“The need of the Army for motorcycles, side cars, and bicycles was so tremendous that for many months during the war practically the entire output of these vehicles of the kinds selected as being most suitable for Army use was taken by the Government.

It was found that the Indian and Harley-Davidson motorcycles were best adapted to meet the necessities of the Expeditionary Forces in France, and these types were standardized for overseas shipment.  Orders for a total of 39,070 Indian motorcycles were placed with the manufacturers at Springfield, Mass., and before the end of 1918, 18,081 of these had been delivered.  From the Harley-Davidson manufacturers at Milwaukee, Wis., the Government received 14,666 machines of the total of 26,487 ordered before the end of 1918.  In addition to the Harley-Davidson and Indian machines, 1,526 Cleveland motorcycles, made in Cleveland, Ohio, were contracted for, and 1,476 delivered previous to 1919.

Side-car equipment for the Indian and Harley-Davidson machines was bought in almost as great quantities as the motorcycles themselves.  In fact, the demand for motorcycles and side cars from these two concerns was so great that they were working at 100-per-cent capacity for the Government before the summer of 1918.

The needs of the Army for machines increased so steadily and the requirements were so vast that both the Indian and Harley-Davidson concerns had made large additions to their plants for meeting the Government needs at the time the armistice was signed.

A standard military bicycle was turned out for the Army by the Westfield Manufacturing Co., at Westfield, Mass., and other bicycles were ordered from the Great Western Manufacturing Co., at Laporte, Ind., and the Davis Sewing Machine Co., at Dayton, Ohio.”

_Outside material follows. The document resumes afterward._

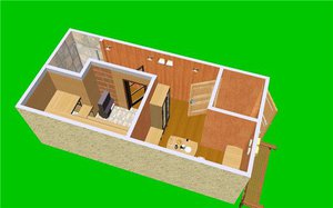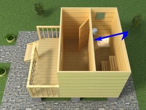 Иногда в целях экономии планировка для маленькой бани включает только два помещения — парную и предбанник. При такой схеме планировки парная выполняет роль помывочной, а предбанник служит одновременно прихожей, раздевалкой и комнатой отдыха. Тогда печь выносится в парное отделение, а загрузку топлива в нее осуществляют непосредственно из предбанника, который в рамках этого варианта планировки выполняет функцию топочной.

In addition to the vast number of bicycles, motorcycles, and side cars the Army also ordered so many horse-drawn wagons that within one year of production all the air-dried lumber in the country had been exhausted necessitating the building of facilities for kiln drying newly cut lumber.  R. V. Board of the Kentucky Wagon Co.; A. B. Thilens of the Studebaker Corporation of America; E. E. Parsonage of the John Deere Wagon Co.; and R. W. Lea of the Moline Plow Co., were named members of an advisory committee to assist the Army in the procurement of such vehicles.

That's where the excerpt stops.